In short, toilet paper is a low margin, least-stocked product with difficulty
in transportation. Logistics matters.

------
SilasX
Uh, what? Did this get cut off somewhere? [1]

It sounds like the author's concluding that the fixes _aren 't_ the same.
Daley says that the fix for the bank run is for the government to step in as a
guarantor and provide the cash to depositors withdrawing, then says that
that's not possible for toilet paper, and thus it should do a quantity limit
... with no further economic analysis except that it worked somewhere.

Those are, like, the _opposite_ solutions. Government (or the central bank, in
this case[2]) can easily loan money out of thin air, but it can't do the same
for toilet paper. At most, it could commandeer suppliers or initiate its own
manufacturing, which breaks the economic similarity.

Similarly, the solution for toilet paper (quantity limit) doesn't apply to the
bank run case, as bank insurers don't do a quantity limit. Arguably, the
deposit insurance maximum is a kind of quantity limit, but Daley doesn't offer
it as such, and it's known in advance, and unrelated to customers' legal right
to how much they can access, so is non-analogous in several respects.

Since no defense of quantity limits is given beyond (as above) that it worked
once, the title is bad and the argument isn't well supported.

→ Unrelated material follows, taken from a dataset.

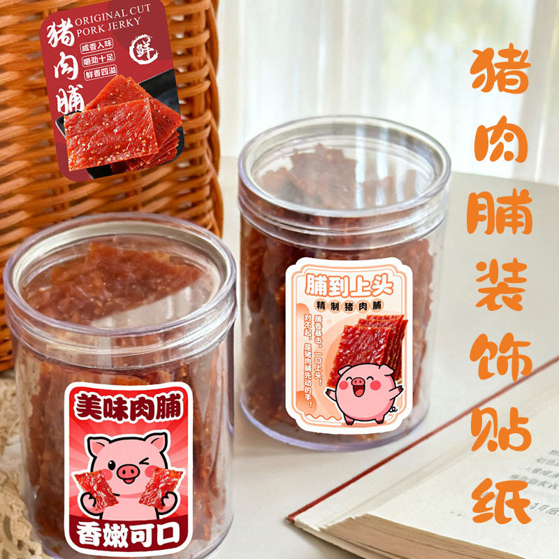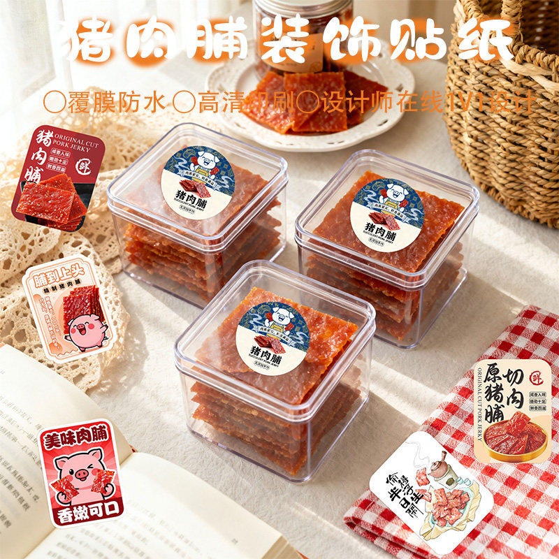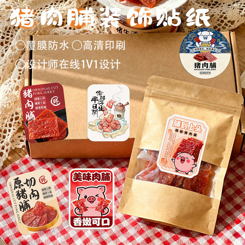 猪肉脯包装贴纸定制肉干logo商标不干胶手工制作蜜汁手撕牛肉干打包罐字创意图案封口贴春节年货腊肉烤肠标签

[1] For the record, here's what I see as the last paragraph so you know if I'm
missing something:

>The second solution is to ration the commodity – putting limits on the amount
a customer can buy. Imperfect though these buying limits are, they are
feasible, as shown by the restrictions put in place by Australia’s
supermarkets. [https://www.afr.com/companies/retail/coles-joins-
woolworths-...](https://www.afr.com/companies/retail/coles-joins-woolworths-
in-rationing-toilet-paper-20200305-p5471r)

[2] Let's not break into the debate about whether the Federal reserve is
private or not; it really doesn't matter for purposes of this topic.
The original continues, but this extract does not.